» Provided information
-------------------------

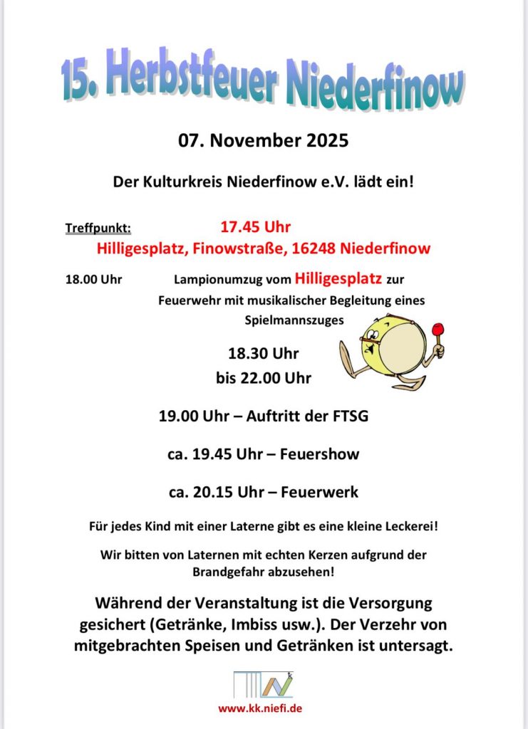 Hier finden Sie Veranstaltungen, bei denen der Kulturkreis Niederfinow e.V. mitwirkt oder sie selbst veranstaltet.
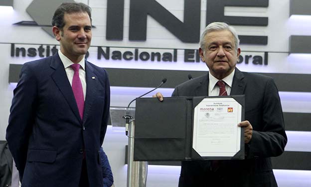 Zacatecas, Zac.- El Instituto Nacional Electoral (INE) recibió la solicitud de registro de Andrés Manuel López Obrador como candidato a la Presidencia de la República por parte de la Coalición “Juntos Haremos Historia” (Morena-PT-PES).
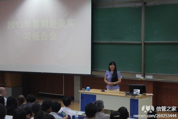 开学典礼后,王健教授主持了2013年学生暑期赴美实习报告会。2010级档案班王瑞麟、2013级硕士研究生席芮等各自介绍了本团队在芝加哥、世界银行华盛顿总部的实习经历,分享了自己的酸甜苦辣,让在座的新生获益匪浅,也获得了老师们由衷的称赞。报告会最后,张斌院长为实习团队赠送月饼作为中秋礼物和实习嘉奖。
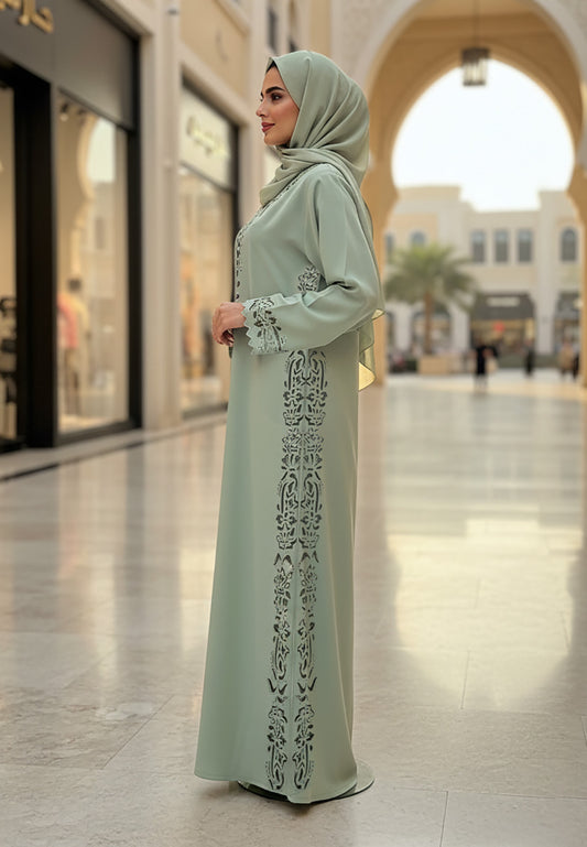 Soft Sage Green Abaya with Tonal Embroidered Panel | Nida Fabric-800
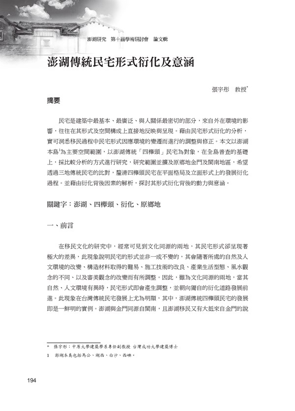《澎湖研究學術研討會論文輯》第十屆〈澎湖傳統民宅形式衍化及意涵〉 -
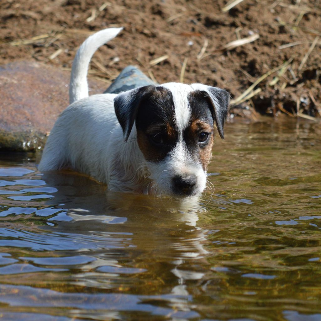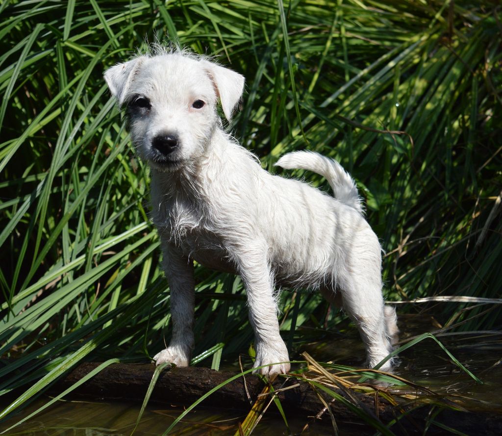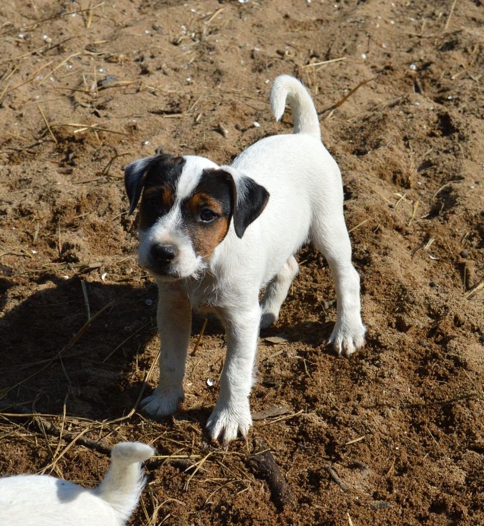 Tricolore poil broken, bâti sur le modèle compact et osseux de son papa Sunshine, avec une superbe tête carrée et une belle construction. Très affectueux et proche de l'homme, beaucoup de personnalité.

-------------------------

Although the records contain pictures, your copy should hold only the text, reproduced exactly.

» Output for this task
 Hier finden Sie Veranstaltungen, bei denen der Kulturkreis Niederfinow e.V. mitwirkt oder sie selbst veranstaltet.
 Zacatecas, Zac.- El Instituto Nacional Electoral (INE) recibió la solicitud de registro de Andrés Manuel López Obrador como candidato a la Presidencia de la República por parte de la Coalición “Juntos Haremos Historia” (Morena-PT-PES).
 开学典礼后,王健教授主持了2013年学生暑期赴美实习报告会。2010级档案班王瑞麟、2013级硕士研究生席芮等各自介绍了本团队在芝加哥、世界银行华盛顿总部的实习经历,分享了自己的酸甜苦辣,让在座的新生获益匪浅,也获得了老师们由衷的称赞。报告会最后,张斌院长为实习团队赠送月饼作为中秋礼物和实习嘉奖。
 Soft Sage Green Abaya with Tonal Embroidered Panel | Nida Fabric-800
《澎湖研究學術研討會論文輯》第十屆〈澎湖傳統民宅形式衍化及意涵〉 -
 Tricolore poil broken, bâti sur le modèle compact et osseux de son papa Sunshine, avec une superbe tête carrée et une belle construction. Très affectueux et proche de l'homme, beaucoup de personnalité.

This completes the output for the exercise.